1. The problem statement, all variables and given/known data
In an experiment similar to J. J. Thomson's, charged particles are observed to travel through a magnetic field of 0.040 T with a radius of curvature of 0.20 m. The path of these particles is made straight again when an electric field is introduced by two parallel plates.

V=200 V
distance between plates=10cm=0.10m
B=0.040T (assuming its parallel)

2. Relevant equations
r=mv/qB
ek=1/2(mv^2)=qV
v=$$\sqrt{2qV/m}$$
r$$^{2}$$=m2V/qB$$^{2}$$
q/m=2V/r$$^{2}$$B$$^{2}$$

3. The attempt at a solution
=2(200V)/(0.20m)$$^{2}$$(0.040T)$$^{2}$$
=6.3 x 10^6 C/kg

Does this look to be correct? I wasn't sure if I could do it all at once if the force was exerted at two different times (although it seems to make sense).

Thanks.

2. May 30, 2009

### LowlyPion

I don't think you can use kinetic energy here because it seems that the charge is traveling along an equipotential, i.e. not in the direction of the E field of the capacitor plates.
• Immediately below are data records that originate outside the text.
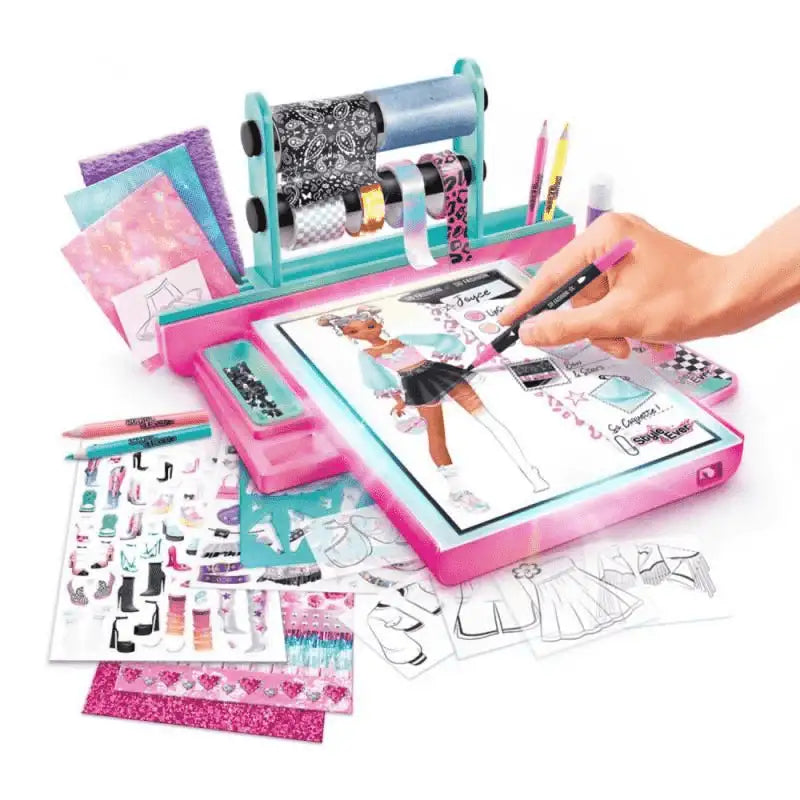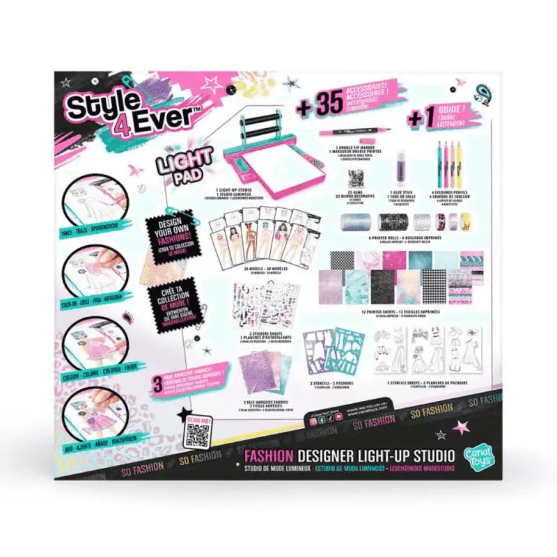 ¿Listas para que el talento creativo salga a la luz? El Estudio de Moda Luminoso – Style 4 Ever es un auténtico universo portátil para diseñar tu propia colección de moda con un toque brillante. Ya no necesitas un taller; solo encendiendo la luz incorporada, podrás diseñar prendas como una auténtica diseñadora profesional.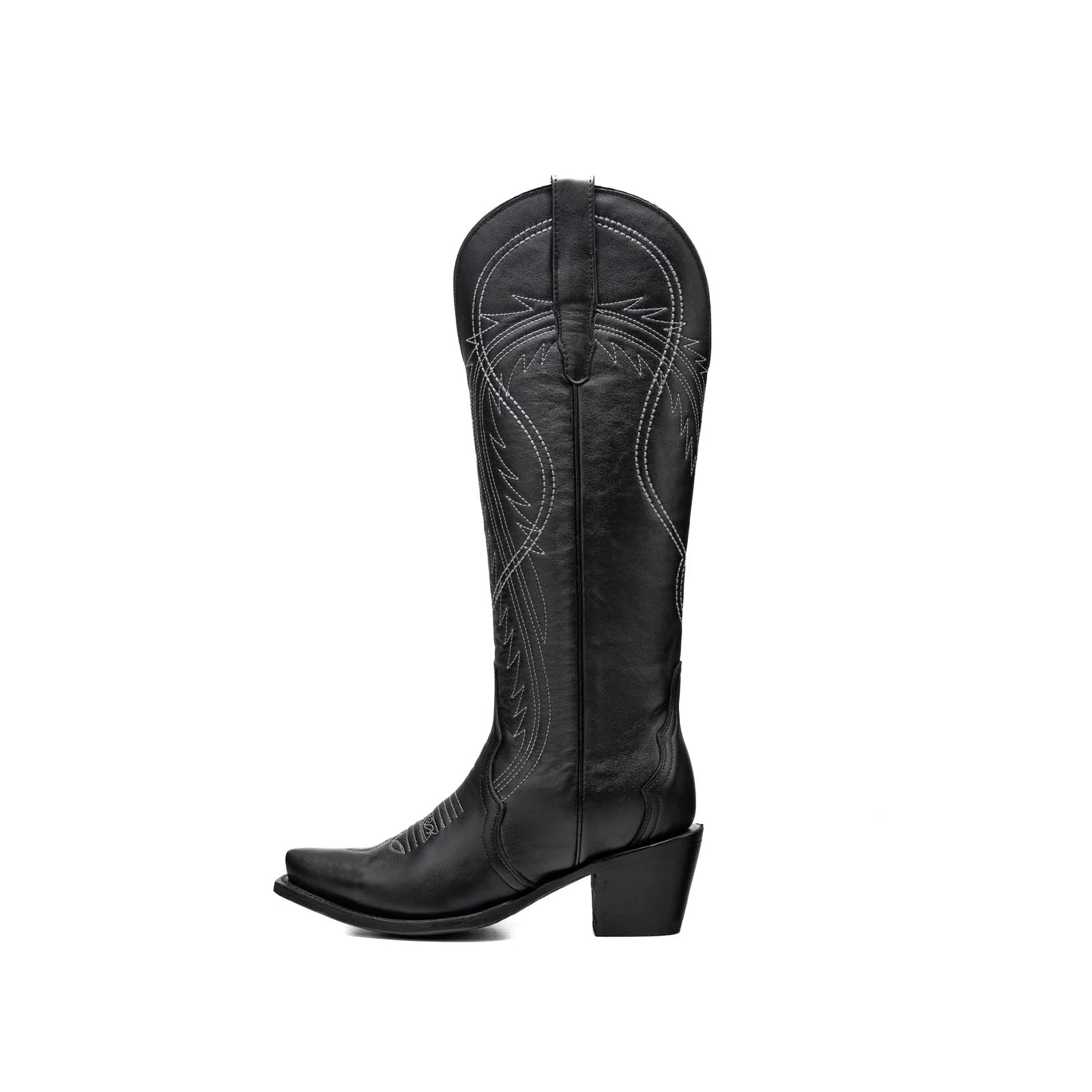 Black Snip-Toe Half-Zip Double Embroidery Knee High Cowgirl Boots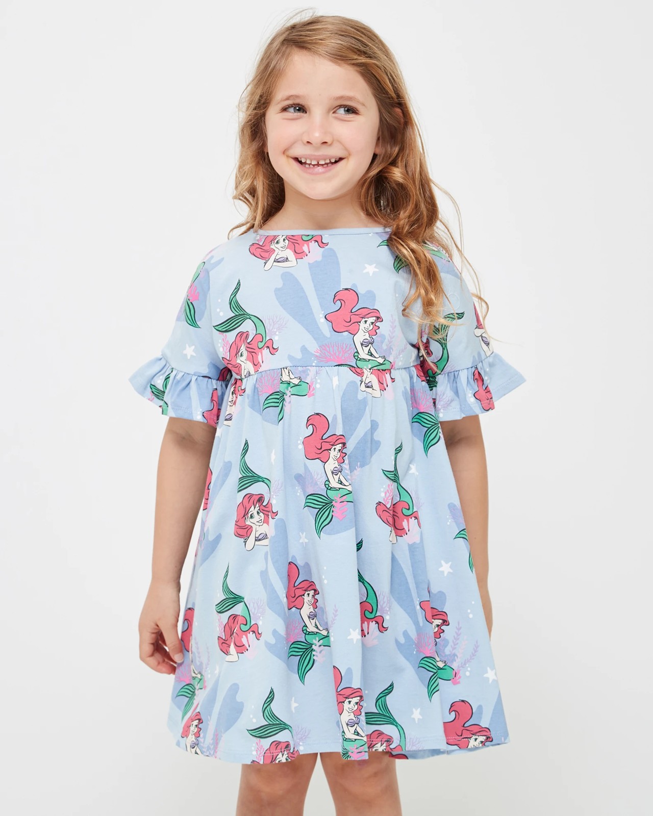 Bring a splash of Disney magic to her wardrobe with this Little Mermaid Ariel Babydoll Dress! Crafted from a cotton-rich fabric, this adorable dress features a classic regular fit and a blue all-over Ariel print. The dress is designed with a crew neck, short sleeves with frill trim, and an elastic waistband that's been gathered to create the perfect babydoll fit. She'll be ready for any occasion in this fun and fashionable dress!

In the first case you found

mv2/R = qv*B

Then the E-Field is applied so there is no net force. This results in

qv*B = q*E

where E = V/d

v = E / B = V/(d*B)

If you apply this result to the first equation you should arrive at

q/m = V/(B2*R*d)

In this case since it happens that d = R it calculates to half of your result ...

q/m = V/(B*R)2

Last edited: May 30, 2009
3. May 30, 2009

### rl.bhat

In the relevant equation, the ek is the kinetic energy acquired be the charged particle before it enters the magnetic field. In the problem the given voltage is the voltage across the parallel plates which deflects the the beam of charged particles. In the calculation you have not used the distance between the plates which is given in the problem.

4. May 30, 2009

### Linday12

Wow, I can't believe I didn't notice that I hadn't used the plate separation. The problem makes complete sense now. Thank you both for your help, it was exactly what I needed!